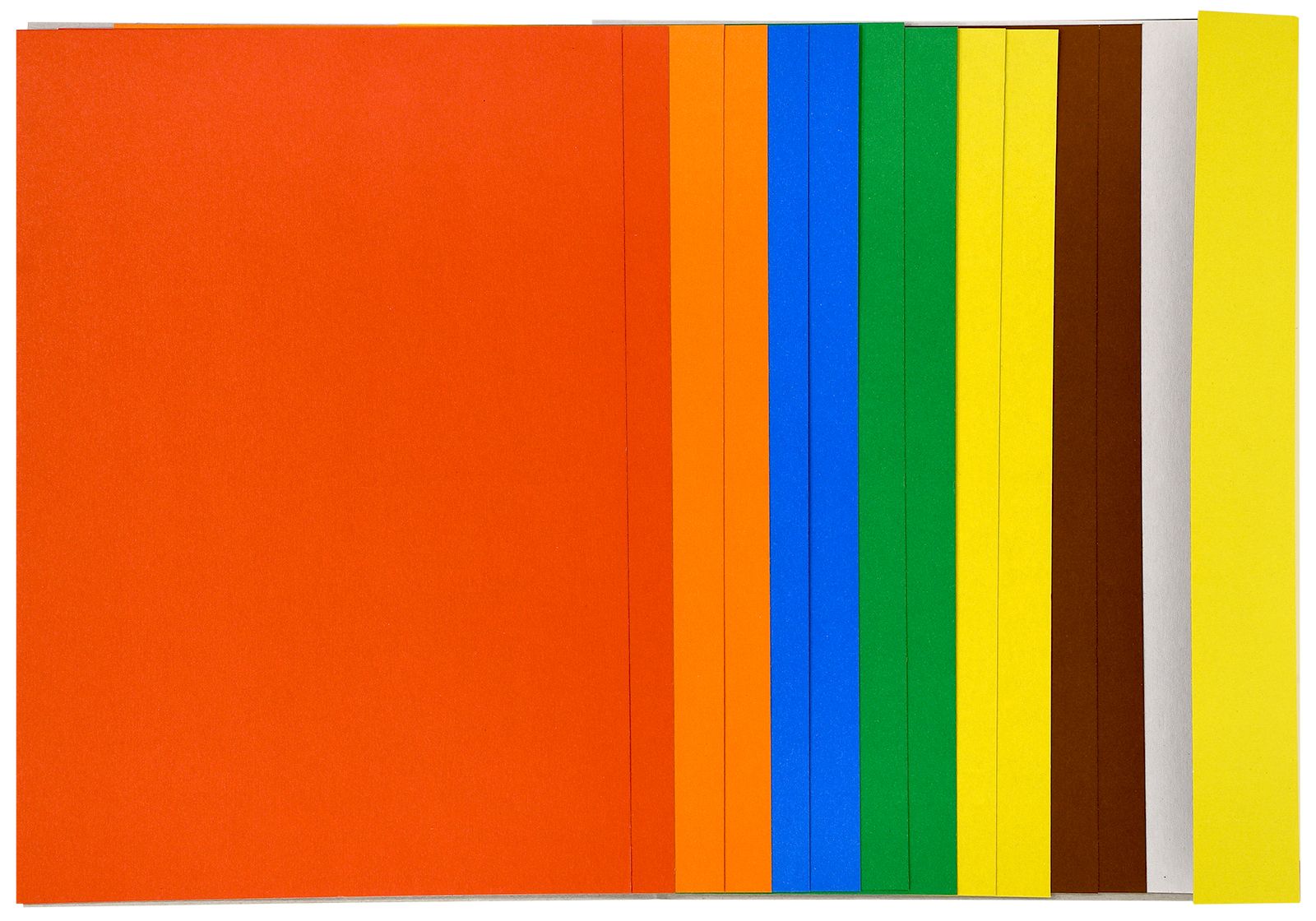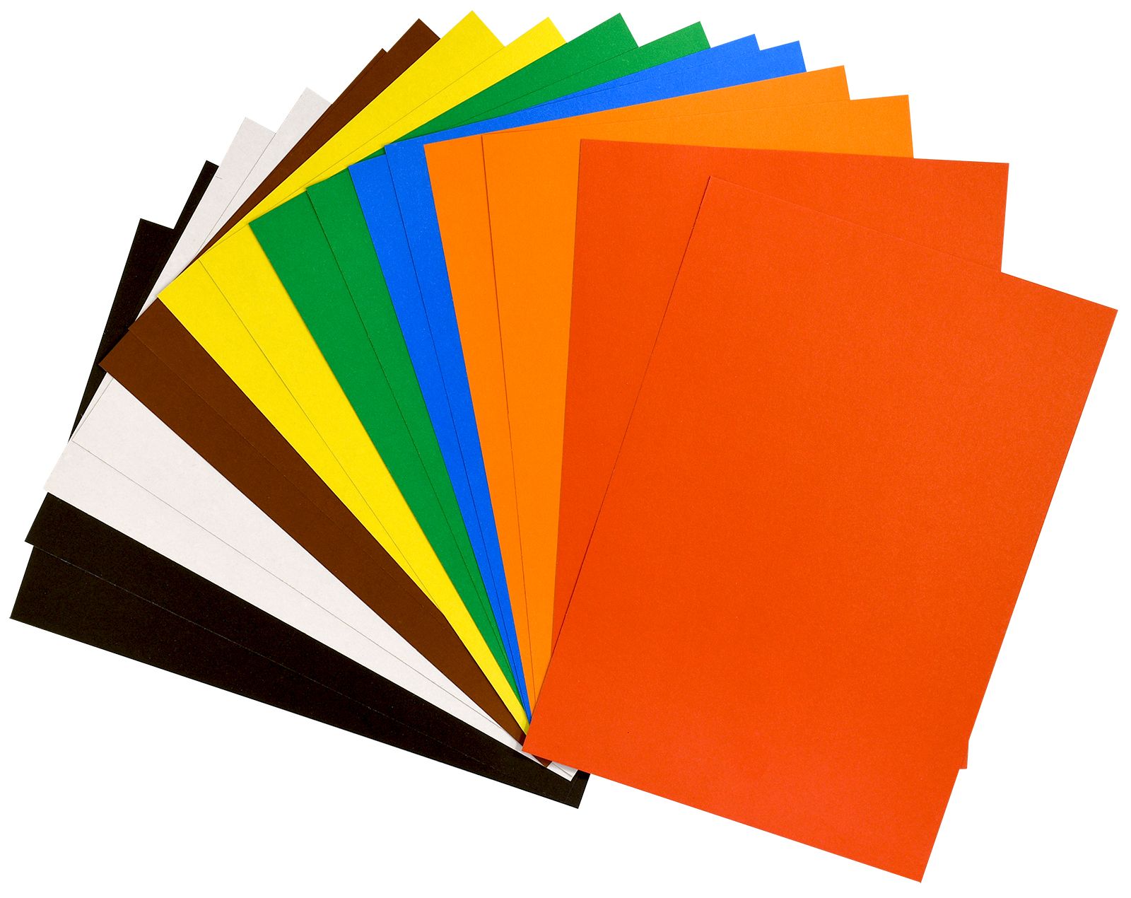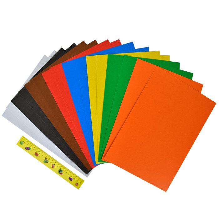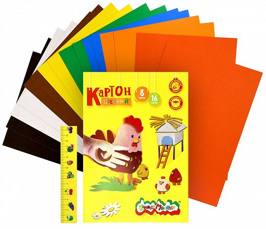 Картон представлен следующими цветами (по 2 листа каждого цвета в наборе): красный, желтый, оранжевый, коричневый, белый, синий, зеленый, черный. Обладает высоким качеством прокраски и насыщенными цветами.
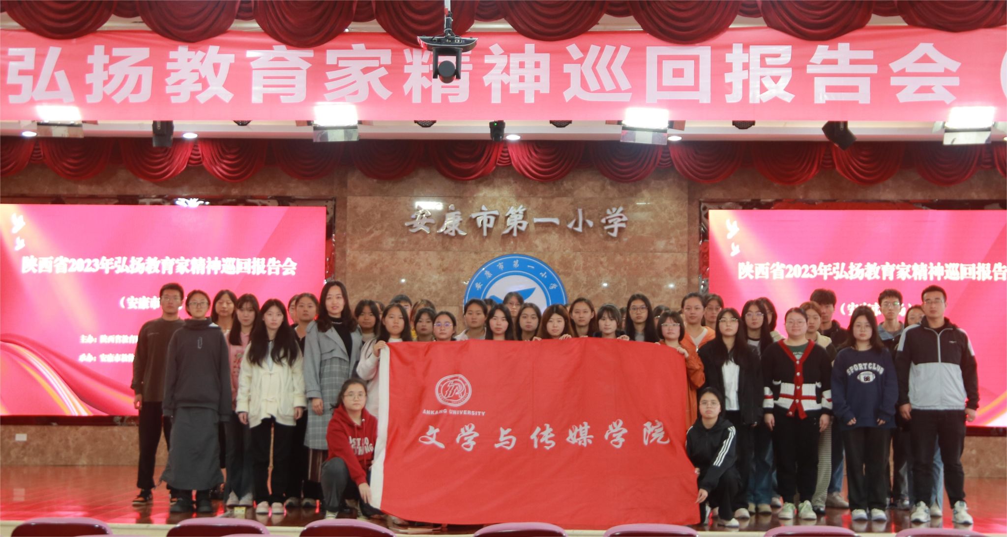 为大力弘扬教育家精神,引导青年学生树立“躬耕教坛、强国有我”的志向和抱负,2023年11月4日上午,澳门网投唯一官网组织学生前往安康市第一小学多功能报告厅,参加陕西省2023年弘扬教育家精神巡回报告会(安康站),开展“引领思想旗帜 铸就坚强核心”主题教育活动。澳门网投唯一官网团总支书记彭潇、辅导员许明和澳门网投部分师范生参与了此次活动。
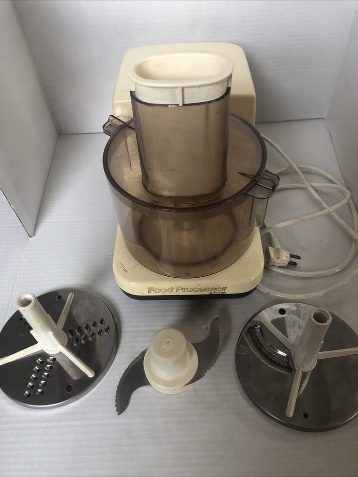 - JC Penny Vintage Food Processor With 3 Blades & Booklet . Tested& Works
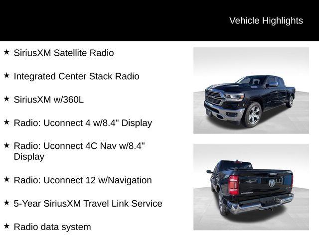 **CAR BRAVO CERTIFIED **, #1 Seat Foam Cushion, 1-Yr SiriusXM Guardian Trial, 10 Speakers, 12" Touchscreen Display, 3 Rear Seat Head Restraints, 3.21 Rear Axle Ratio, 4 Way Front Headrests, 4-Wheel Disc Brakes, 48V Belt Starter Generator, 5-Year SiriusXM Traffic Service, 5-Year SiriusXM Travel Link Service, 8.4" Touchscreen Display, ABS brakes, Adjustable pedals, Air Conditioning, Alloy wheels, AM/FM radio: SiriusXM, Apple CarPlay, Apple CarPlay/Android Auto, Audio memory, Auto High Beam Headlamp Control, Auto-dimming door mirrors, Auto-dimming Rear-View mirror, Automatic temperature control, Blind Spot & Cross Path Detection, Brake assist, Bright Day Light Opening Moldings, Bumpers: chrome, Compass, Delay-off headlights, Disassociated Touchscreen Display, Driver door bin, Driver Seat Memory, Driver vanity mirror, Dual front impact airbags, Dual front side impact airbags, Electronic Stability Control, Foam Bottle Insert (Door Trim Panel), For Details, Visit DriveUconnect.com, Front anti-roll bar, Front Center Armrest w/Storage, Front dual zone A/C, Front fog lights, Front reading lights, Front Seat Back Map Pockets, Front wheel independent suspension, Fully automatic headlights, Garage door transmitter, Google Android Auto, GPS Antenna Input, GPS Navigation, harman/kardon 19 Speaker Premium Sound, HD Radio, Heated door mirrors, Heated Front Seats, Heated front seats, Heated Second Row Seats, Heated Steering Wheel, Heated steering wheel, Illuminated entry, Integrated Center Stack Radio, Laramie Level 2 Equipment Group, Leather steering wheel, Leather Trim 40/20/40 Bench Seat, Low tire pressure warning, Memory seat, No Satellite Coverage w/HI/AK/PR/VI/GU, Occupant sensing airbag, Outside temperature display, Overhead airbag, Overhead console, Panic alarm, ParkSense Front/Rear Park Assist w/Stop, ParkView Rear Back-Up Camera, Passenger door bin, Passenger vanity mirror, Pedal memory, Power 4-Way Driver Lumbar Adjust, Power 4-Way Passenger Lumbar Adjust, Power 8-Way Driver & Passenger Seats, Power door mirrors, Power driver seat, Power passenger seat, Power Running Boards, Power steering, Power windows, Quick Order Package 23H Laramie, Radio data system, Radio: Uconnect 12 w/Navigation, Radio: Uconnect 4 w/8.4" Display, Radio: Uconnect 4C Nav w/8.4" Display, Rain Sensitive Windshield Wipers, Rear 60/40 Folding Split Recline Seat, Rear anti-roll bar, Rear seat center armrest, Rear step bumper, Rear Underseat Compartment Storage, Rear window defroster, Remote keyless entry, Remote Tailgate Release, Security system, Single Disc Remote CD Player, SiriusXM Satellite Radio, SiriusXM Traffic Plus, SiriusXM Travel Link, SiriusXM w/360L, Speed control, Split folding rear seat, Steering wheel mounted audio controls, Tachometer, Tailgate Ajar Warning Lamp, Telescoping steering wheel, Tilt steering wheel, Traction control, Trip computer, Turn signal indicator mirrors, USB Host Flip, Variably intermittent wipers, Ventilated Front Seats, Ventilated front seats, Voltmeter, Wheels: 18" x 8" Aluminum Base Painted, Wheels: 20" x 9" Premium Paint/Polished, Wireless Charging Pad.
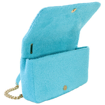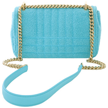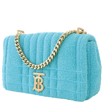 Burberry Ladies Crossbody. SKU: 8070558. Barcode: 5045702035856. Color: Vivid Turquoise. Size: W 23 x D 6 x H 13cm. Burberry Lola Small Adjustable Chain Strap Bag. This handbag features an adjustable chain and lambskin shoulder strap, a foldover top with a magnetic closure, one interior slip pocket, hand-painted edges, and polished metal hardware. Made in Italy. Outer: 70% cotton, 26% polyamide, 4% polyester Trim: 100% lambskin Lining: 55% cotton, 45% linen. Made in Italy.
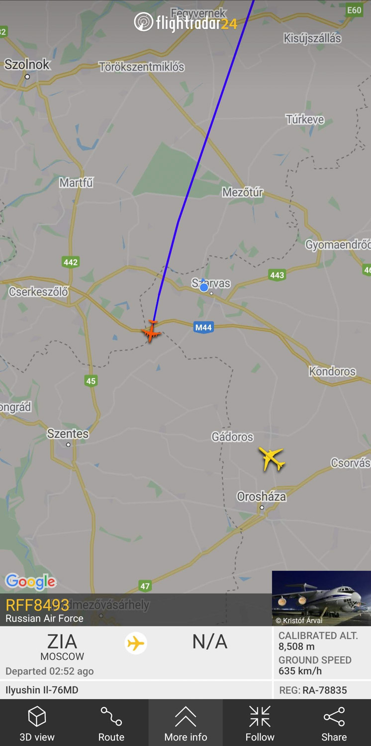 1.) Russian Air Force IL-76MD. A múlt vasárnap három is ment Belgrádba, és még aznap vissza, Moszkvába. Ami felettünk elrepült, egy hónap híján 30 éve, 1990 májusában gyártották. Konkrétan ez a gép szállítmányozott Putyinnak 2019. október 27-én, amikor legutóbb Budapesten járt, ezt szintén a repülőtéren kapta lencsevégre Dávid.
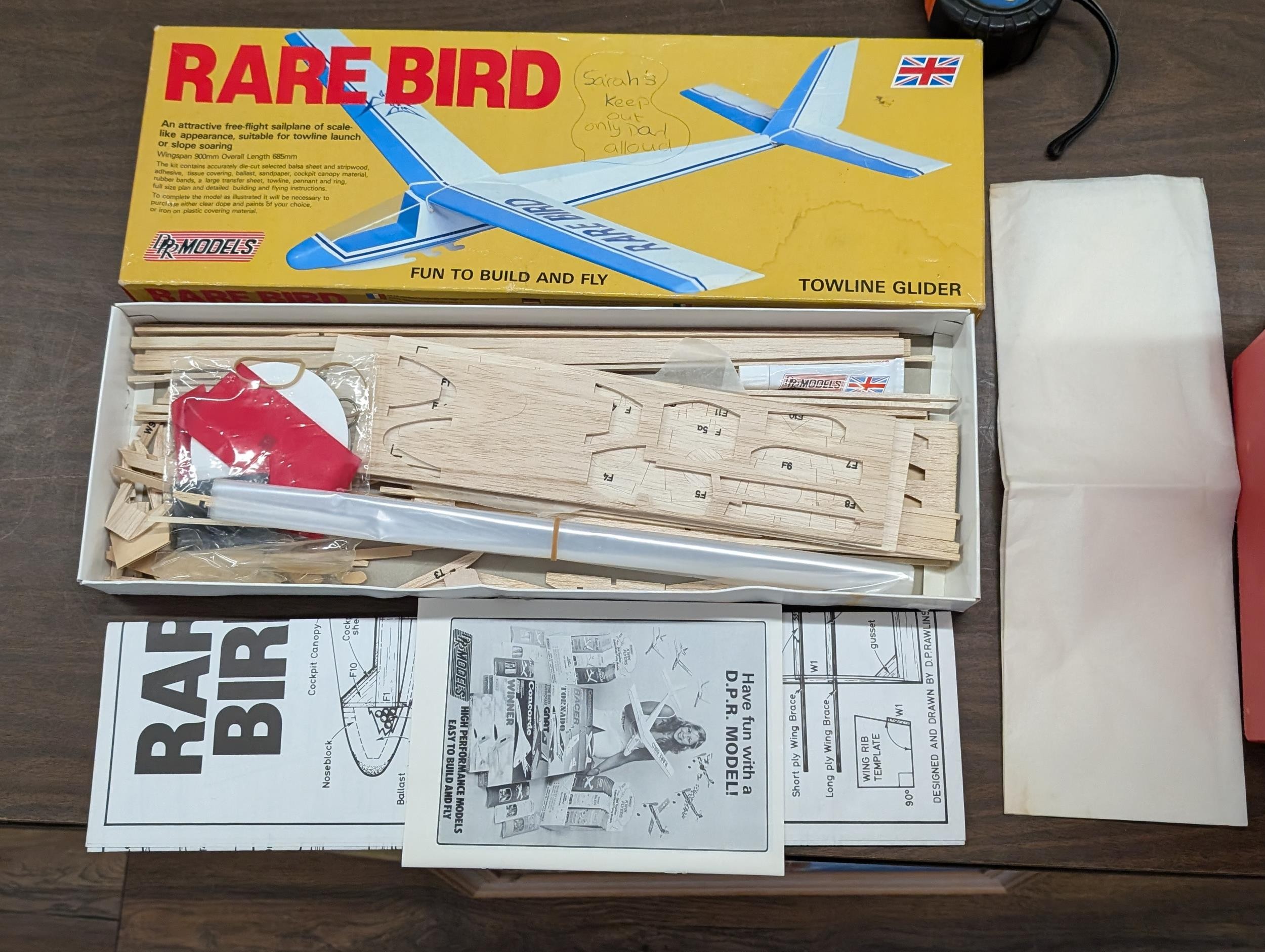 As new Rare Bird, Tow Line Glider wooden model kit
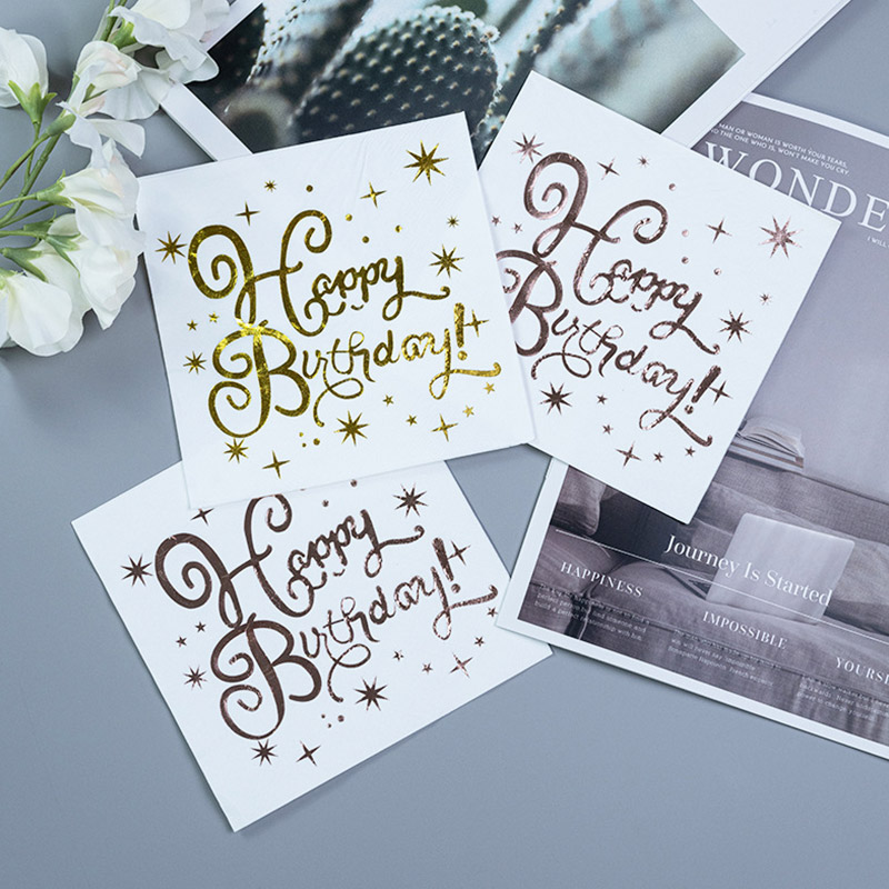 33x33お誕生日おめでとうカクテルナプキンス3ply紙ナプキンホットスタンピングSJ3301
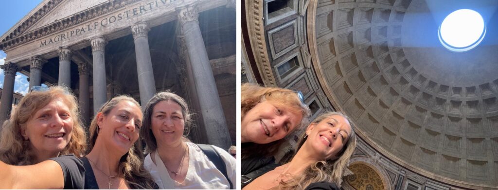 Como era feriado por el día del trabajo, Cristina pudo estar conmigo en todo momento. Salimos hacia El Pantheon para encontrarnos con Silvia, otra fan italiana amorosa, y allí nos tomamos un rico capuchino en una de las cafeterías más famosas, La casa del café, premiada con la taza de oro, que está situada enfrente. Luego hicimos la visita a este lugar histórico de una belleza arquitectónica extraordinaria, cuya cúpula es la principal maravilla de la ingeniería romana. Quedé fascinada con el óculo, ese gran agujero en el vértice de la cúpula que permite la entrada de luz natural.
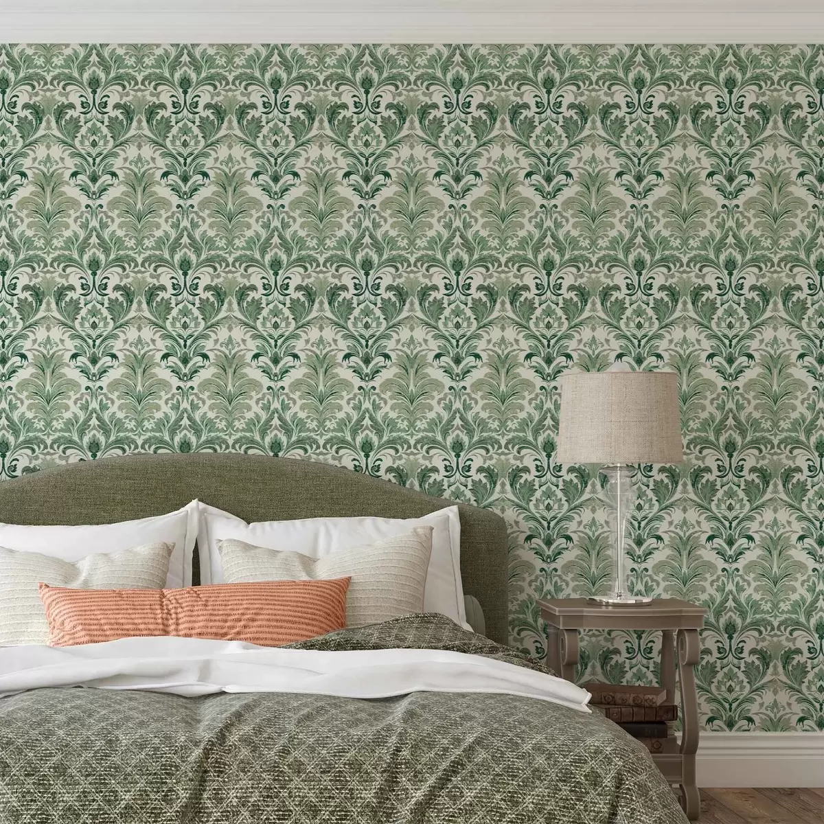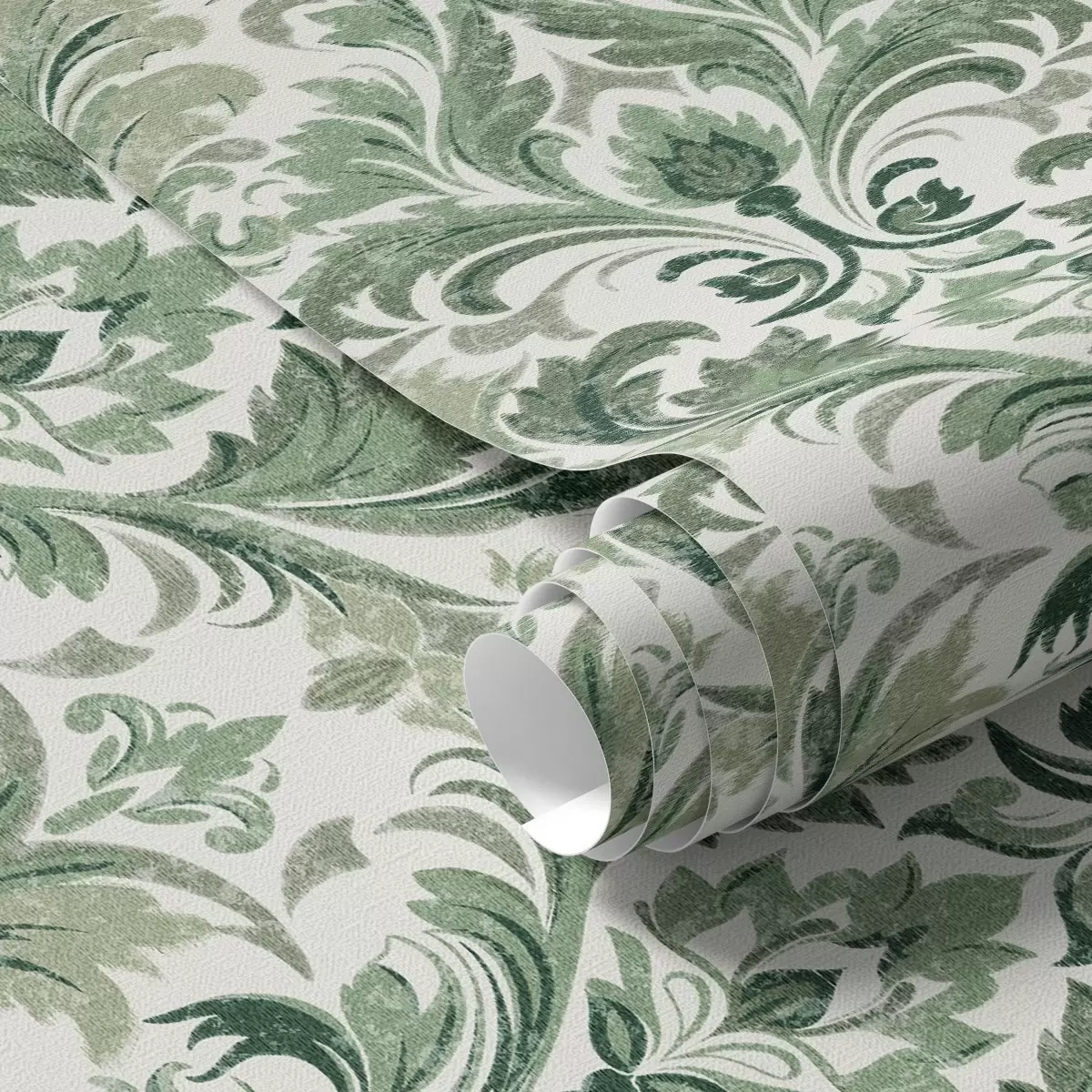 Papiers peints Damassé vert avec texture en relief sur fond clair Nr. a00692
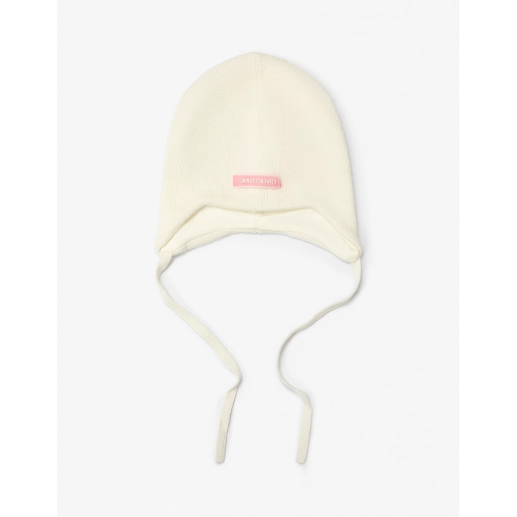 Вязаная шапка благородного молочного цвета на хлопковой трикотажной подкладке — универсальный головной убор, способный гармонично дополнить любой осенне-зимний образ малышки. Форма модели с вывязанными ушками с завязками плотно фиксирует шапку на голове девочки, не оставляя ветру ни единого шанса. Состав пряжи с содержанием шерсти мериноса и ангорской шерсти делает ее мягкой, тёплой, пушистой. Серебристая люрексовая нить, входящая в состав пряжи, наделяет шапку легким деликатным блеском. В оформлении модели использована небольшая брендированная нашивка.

________________________________________

WORK ORDER >> Nothing but the lines above from the one that has "为大力弘扬教育家精神,引导青" down to the one that has "- JC Penny Vintage" belongs in the answer, copied exactly, without pictures.

TASK RESPONSE >>
 为大力弘扬教育家精神,引导青年学生树立“躬耕教坛、强国有我”的志向和抱负,2023年11月4日上午,澳门网投唯一官网组织学生前往安康市第一小学多功能报告厅,参加陕西省2023年弘扬教育家精神巡回报告会(安康站),开展“引领思想旗帜 铸就坚强核心”主题教育活动。澳门网投唯一官网团总支书记彭潇、辅导员许明和澳门网投部分师范生参与了此次活动。
 - JC Penny Vintage Food Processor With 3 Blades & Booklet . Tested& Works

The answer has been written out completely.